Во время проведения великого зимнего затвора в Рюмондзи в 1690 году Соэн тяжело заболел. Когда Банкэй пришел навестить его в Эндзюдо (зал для больных монахов), Соэн был уже при смерти. Склонившись над его подушкой, Банкэй сказал:

Соэн, каждый день жизни должен быть прожит для спасения других.

Соэн кивнул головой в согласии. Вскоре он умер. Никто не смог измерить истинное значение слов утешения, сказанных Банкэем.

Однажды, когда Банкэю было тридцать с чем-то лет, он остановился в храме Санюдзи, расположенном в городе Окаяма в провинции Биттю. Даймё этой провинции, господин Икэда, был ревностным приверженцем учения Ван Ян-мина. Его увлечение этим неоконфуцианским философом в конце концов привело его к тому, что он приказал изгнать из провинции буддийских монахов и разрушить их храмы. Дзэнские наставники, оставшиеся в провинции, чтобы продолжать обучение своих учеников, противостояли самураям, которые приходили изгнать их, обрушивали на них бурные потоки дзэнской риторики и тем прогоняли их прочь.

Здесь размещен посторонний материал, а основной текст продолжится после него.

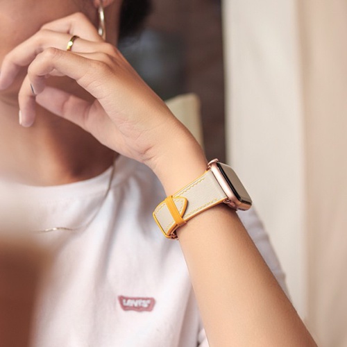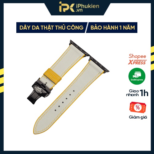 Giới thiệu Dây Da Handmade [DA THẬT, BẢO HÀNH 1 NĂM] Swift Xám Chỉ Vàng cho Apple Watch Seris 1/2/3/4/5/6/7

Несколько этих самураев-неоконфуцианцев пришли в храм Санюдзи, чтобы допросить Банкэя.

— Вы, приверженцы дзэн, устраиваете себе такие вот убежища, — сказал один из них. — Вы затворяетесь в них и поворачиваетесь спиной к миру. Когда у вас заканчиваются разумные доводы и слова, вы бьете людей своими посохами и кричите на них. Эти ваши храмы стали прибежищем упрямых паразитов-обманщиков.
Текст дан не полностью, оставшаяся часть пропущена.